I realized that a few questions needed to be asked and answered simultaneously by my mind. What would I do with my degree? Would I have to get a job? Do people still have jobs these days? Isn’t that what computers and Internets are for?
And these questions made me sad. I realized that jobs are stupid, and I’m nowhere near prepared to dedicate myself to working 20-plus hours a week. I wondered, what are the alternatives?
Well, I thought, you could steal things for a living. Or if you were good enough at it, you could throw balls through hoops for a living. Unfortunately, I knew those routes weren’t for me. It was at that moment I remembered graduate school is a real thing.
The longer I considered graduate school, it began to seem more and more plausible. For one thing, when you finish, you automatically become a master at something. It’s called a master’s degree for a reason, people.
Now, I am quite good at several different things. I am very good at “Street Fighter 2: The Reckoning.” I am very good at eating exotic foods. I am very good at breathing. But even I am not a master of these things.
When I finish graduate school, I will have mastered the field of marketing. I will have absolutely dominated marketing as a major, and I love that. I won’t go so far as to acquire a doctorate degree, because I think forcing people to call you a doctor is a little pretentious.
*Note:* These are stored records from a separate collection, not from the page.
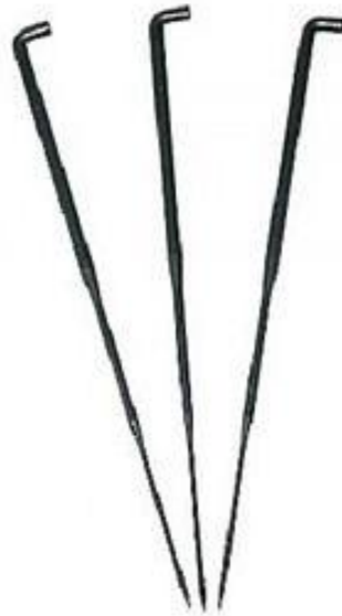
Звезда № 38

Немного шерсти разных цветов; игла для валяния; толстая губка; пальцы-рамка диаметром 10 см; фетр для основы; мулине разных цветов; бисер; кусок картона; ткань для оформления задней стороны; синтепон; иголка; ножницы.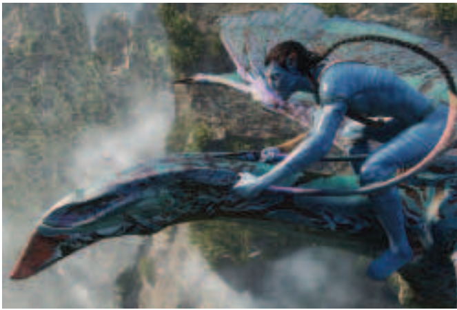
Fíor 4.5 Eifeachtaí ríomhghinte in AVATAR, 2009

Cuirtear tús leis an eagarthóireacht chomh luath is a thosaítear ar an scannánaíocht. Féachann an t-eagarthóir agus an stiúrthóir ar na seatanna a dhéantar gach lá agus pléann siad an chaoi a gcuirfead le chéile iad. Nuair a bhíonn an scannánú críochnaithe déantar leagan an eagarthóra , arb ionann é agus an chéad dréacht den scannán. Ansin déanann an stiúrthóir agus an t-eagarthóir an scannán a bhreathnú go grinn go bhfeicfidís an bhfuil bearnaí sa phlota, nó seatanna ar iarraidh, nó an gá míreanna faoi leith a scannánú an athuair. Ansin déanann siad leagan an stiúrthóra . Is é sin an leagan a thaispeántar do na léiritheoirí agus do pháirtithe leasmhara eile sula ndéantar an leagan deiridh .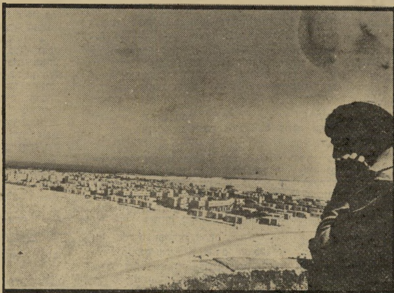
ילדי אופירה יום לפני הפינוי: תקציב הביטחון השנה הוא חמישית מהסכום שבוזבז

אוצר נוהג לומר, הדבר המונע עצמאות כלכלית של ישראל.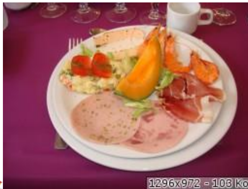
1296x972 - 103 Ko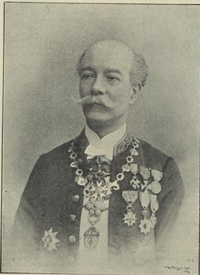
CONSELHEIRO ALFREDO PEREIRA, ENVIADO DO GOVERNO PORTUGUEZ AO CONGRESSO DA UNIÃO POSTAL UNIVERSAL, EM ROMA

Paula que fundou em 1897 e que distribue mensalmente aos pobres quantia superior a 400,000 reis! e o Circulo Catholico de Operarios que fundou em 1898.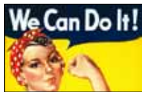
نسوية بالخط العريض LBCI 21:30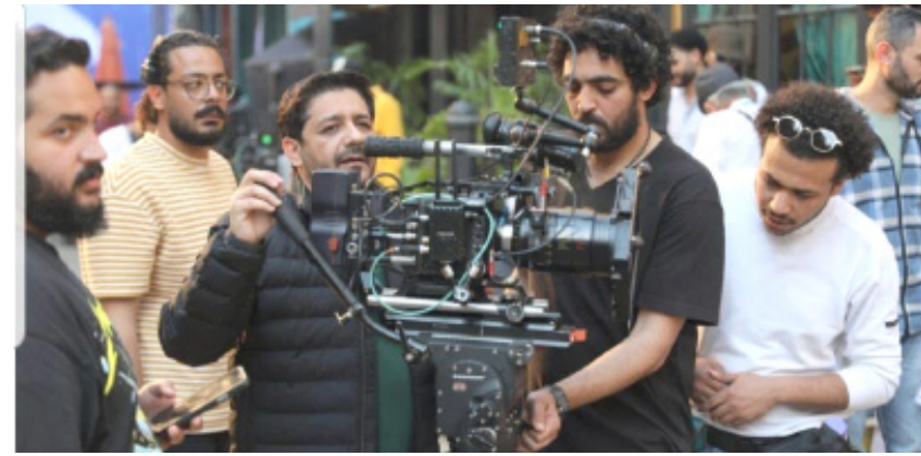
برنامج : لقطات من كواليس تصوير حلقات البرنامج الاستعراضي (مراجيح)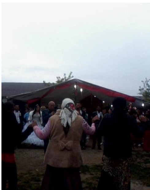
Традиционна сватба о окръг Долж

дава на дъщеря си зестра, с това, което той е получил от бащата на момчето по повод на годежа.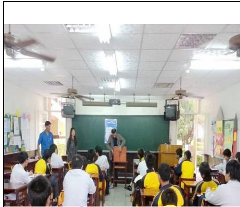
照片說明：紙芝居展示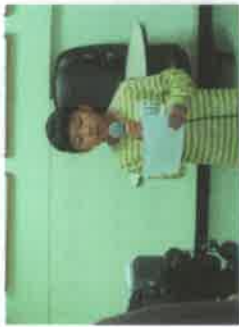
독서 방송 장면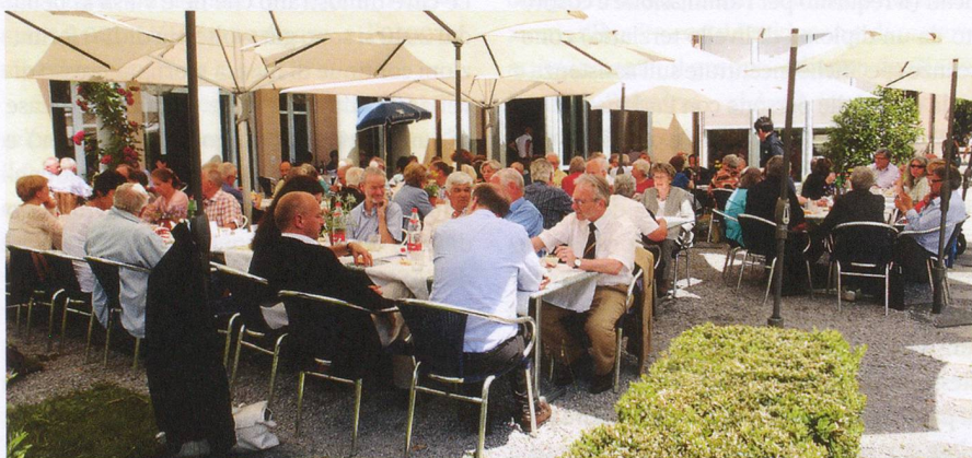
Durante e dopo il pranzo, molto tempo è stato dedicato allo scambio di opinioni.

But to each his own, I guess.
Also, who wants to leave the college atmosphere to enter the real world? Who says that college isn’t in the real world, anyway? We’re not talking about Second Life here. This is no metaverse we’re living in. College is more like a real awesome world, if anything. I wouldn’t trade the college lifestyle for anything, except maybe a billion dollars.
So-called real world elitists can have their jobs. I’ll take Tuesday night Snoop Dogg concerts at Rick’s any day over working in an office, pretending to care about what I do. I am passionate about what I do right now, which is nothing at all. At least it’s fun. At least it involves Snoop Dogg and his new hit single, “Sensual Seduction.”
I realize that college will eventually come to an immediate end. I know that I’ll eventually have a normal job. And I don’t even care. I’ll continue having fun under the guise of advancing my education, not that the advancement won’t pay off in the end. Maybe it will pay off big, maybe, just maybe, a billion dollars big. Only time will tell.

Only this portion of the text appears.